Open DavidSpickett opened 8 months ago
@llvm/issue-subscribers-lldb
Author: David Spickett (DavidSpickett)
@jeffreytan81 it's definitely leaving processes behind. Do you see the same thing on your machine?
I wonder if we're following the fork and stopping only the child on exit, or following only one of the children and leaving them and the parent behind.
We are seeing similar issues on our Linux x64 and Mac x64 builders. We are chasing a weird lldb test timeout for a couple of days. The LLDB test step will usually finish in 5 mins when LIT uses 60 workers but recently (around Mar 8), this step sometimes took over 1hr until the builder was killed due to timeout. We cannot find the specific test that was stuck as the log shows each time the unfinished tests were different (TestConcurrentVFork
is among the tests that PASS actually).
We came across this github issue and decided to have a try to disable TestConcurrentVFork
in our builders. Then the time out issue was gone. We suspect this test probably wasn't cleaned up properly after the run and hold some resources that are needed by other tests, causing dead locks, but we cannot verify that.
@jeffreytan81 ping!
@DavidSpickett , sorry, github notification seems to fail me here, I never got notified for the tagging, and my mailbox does not got any emails...
To answer your question, no, we haven't observed the lingering processes issue, but it is possible no one noticed yet.
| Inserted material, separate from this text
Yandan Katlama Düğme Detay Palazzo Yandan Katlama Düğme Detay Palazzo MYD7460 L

Since @labath is fixing this issue, I will leave as is.
I've just put the skips back: https://github.com/llvm/llvm-project/commit/0c8151ac809c283187e9b19d0cbe72a09c8d74e0
The test is a lot more stable thanks to Pavel's change, but it's still failing enough to degrade the buildbot results for example https://lab.llvm.org/buildbot/#/builders/96/builds/56699.
Saw another failure on a GitHub CI run today: https://buildkite.com/llvm-project/github-pull-requests/builds/103712#01922590-fbb5-4b6e-824f-28d2891523a1
_bk;t=1727216861348Timed Out Tests (1):
_bk;t=1727216861348 lldb-api :: functionalities/fork/concurrent_vfork/TestConcurrentVFork.py
Going to disable this on Linux as a whole, the noise in CI isn't worth whatever coverage this is giving us.
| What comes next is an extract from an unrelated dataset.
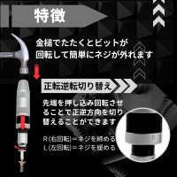 双方向回転: 正回転(R)・逆回転(L)のどちらにも対応できます。ネジ外しは(L)に合わせます。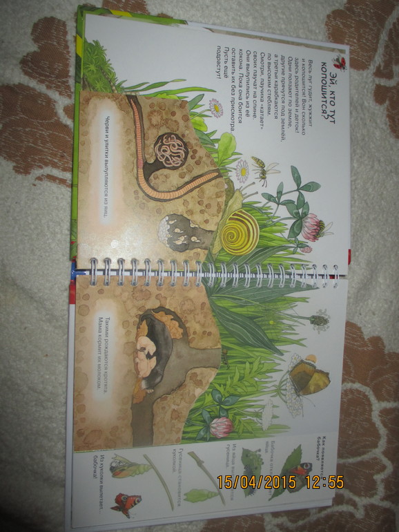 Серия ЗОП уже изрядно раскуплена и этот факт очень печален. На нее, как и на данное сообщество я наткнулась совсем недавно, и когда увидела эти книжки, то в наличии их уже осталось мало. Последняя надежда была на Рид, где в феврале были "Автомобили" под заказ, заказала, но не пришли, закончились у поставщика(( Купили про животных. Особенно любит эту книжку сын. Это видно по корешку) Особенно эту страницу, где червячки)

The test is now disabled for all Linux. I will not have the time to figure out a solution here so FYI @jeffreytan81 if this feature is important to you.
lldb/test/API/functionalities/fork/concurrent_vfork/TestConcurrentVFork.py
sometimes fails with a timeout. I've seen this on AArch64 and Arm Linux.For example https://lab.llvm.org/buildbot/#/builders/17/builds/50450.
Inspecting the container afterwards shows that we are using way more PIDs than you'd expect, and we have around 600 processes like:
This container persists so this could be the result of the test not cleaning up processes, and them piling up until the system complains, or someone tries to debug the wrong process and gets no response. On AArch64 I have seen it lead to system resource errors as the leftover processes pile up.
I'm going to skip all the tests on these platforms while I look into it.